- _Data_

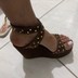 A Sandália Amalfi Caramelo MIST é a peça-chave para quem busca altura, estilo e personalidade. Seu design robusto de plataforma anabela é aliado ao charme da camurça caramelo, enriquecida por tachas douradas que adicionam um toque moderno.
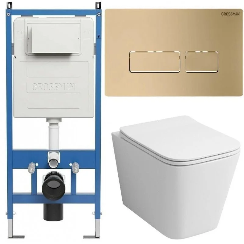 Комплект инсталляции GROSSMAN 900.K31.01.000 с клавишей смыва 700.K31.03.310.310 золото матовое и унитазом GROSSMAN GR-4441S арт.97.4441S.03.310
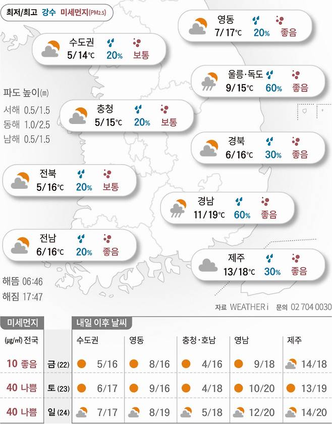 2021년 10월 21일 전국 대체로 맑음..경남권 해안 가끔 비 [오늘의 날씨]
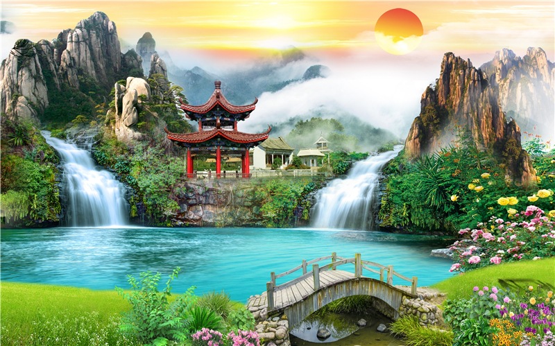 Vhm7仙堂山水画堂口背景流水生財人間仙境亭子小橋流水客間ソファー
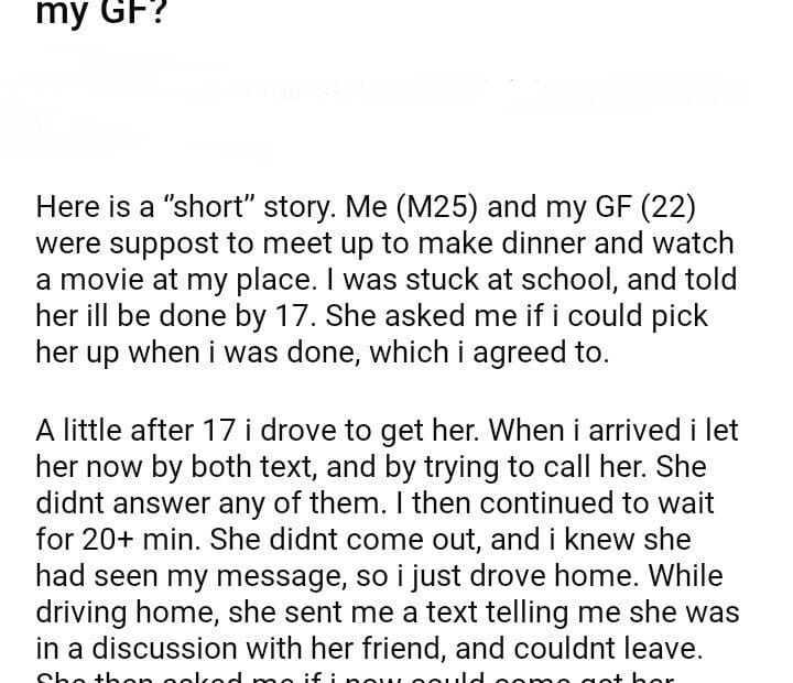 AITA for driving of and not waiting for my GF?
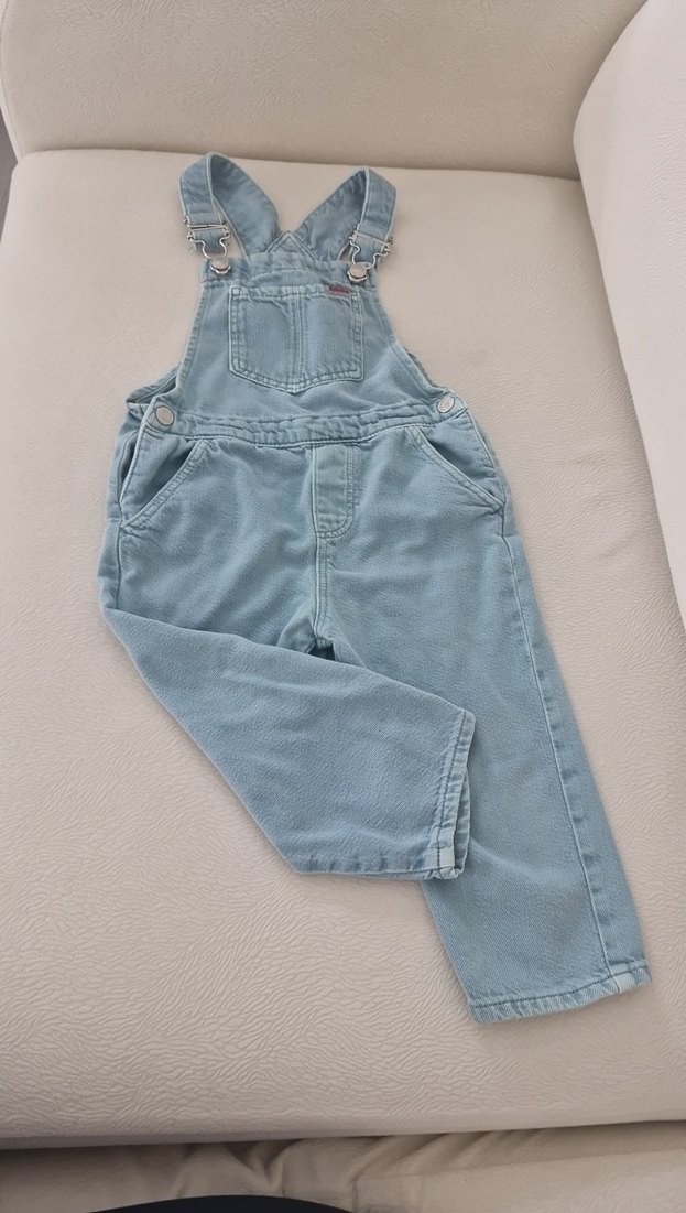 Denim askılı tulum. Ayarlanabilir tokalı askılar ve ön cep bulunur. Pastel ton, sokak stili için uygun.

...

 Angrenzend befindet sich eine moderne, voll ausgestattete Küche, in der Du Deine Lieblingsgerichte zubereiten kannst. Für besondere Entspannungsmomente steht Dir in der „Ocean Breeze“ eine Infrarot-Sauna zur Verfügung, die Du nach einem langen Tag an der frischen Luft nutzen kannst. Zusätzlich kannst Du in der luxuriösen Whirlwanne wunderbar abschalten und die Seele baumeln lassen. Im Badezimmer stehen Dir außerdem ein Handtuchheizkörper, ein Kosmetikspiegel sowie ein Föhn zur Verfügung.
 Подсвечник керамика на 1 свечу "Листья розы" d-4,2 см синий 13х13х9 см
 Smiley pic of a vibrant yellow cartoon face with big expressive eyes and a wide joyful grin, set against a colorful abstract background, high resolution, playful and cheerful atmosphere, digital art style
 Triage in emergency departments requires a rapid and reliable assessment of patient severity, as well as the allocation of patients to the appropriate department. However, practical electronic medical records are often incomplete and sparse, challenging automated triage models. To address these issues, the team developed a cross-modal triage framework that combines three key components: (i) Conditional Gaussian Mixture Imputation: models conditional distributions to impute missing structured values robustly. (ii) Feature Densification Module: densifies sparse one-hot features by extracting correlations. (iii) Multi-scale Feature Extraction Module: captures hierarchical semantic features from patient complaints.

--

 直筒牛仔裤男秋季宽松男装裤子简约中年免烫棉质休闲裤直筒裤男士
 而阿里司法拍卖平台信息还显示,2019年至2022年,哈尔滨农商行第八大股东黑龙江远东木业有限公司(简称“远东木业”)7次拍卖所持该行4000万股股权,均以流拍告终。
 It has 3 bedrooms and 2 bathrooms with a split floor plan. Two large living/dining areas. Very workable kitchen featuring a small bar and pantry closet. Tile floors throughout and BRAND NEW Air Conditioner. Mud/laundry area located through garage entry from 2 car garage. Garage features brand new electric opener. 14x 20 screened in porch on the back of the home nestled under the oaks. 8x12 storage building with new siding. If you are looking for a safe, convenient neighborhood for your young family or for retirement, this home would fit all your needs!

- _Directions for this task_
With the pictures omitted, copy exactly the lines of the listing above starting at the line containing "A Sandália Amalfi" and ending at the line containing "Vhm7仙堂山水画堂口背景流水生財人間仙境亭子小橋流水客間ソファー", both included.

- _Result for this task_
 A Sandália Amalfi Caramelo MIST é a peça-chave para quem busca altura, estilo e personalidade. Seu design robusto de plataforma anabela é aliado ao charme da camurça caramelo, enriquecida por tachas douradas que adicionam um toque moderno.
 Комплект инсталляции GROSSMAN 900.K31.01.000 с клавишей смыва 700.K31.03.310.310 золото матовое и унитазом GROSSMAN GR-4441S арт.97.4441S.03.310
 2021년 10월 21일 전국 대체로 맑음..경남권 해안 가끔 비 [오늘의 날씨]
 Vhm7仙堂山水画堂口背景流水生財人間仙境亭子小橋流水客間ソファー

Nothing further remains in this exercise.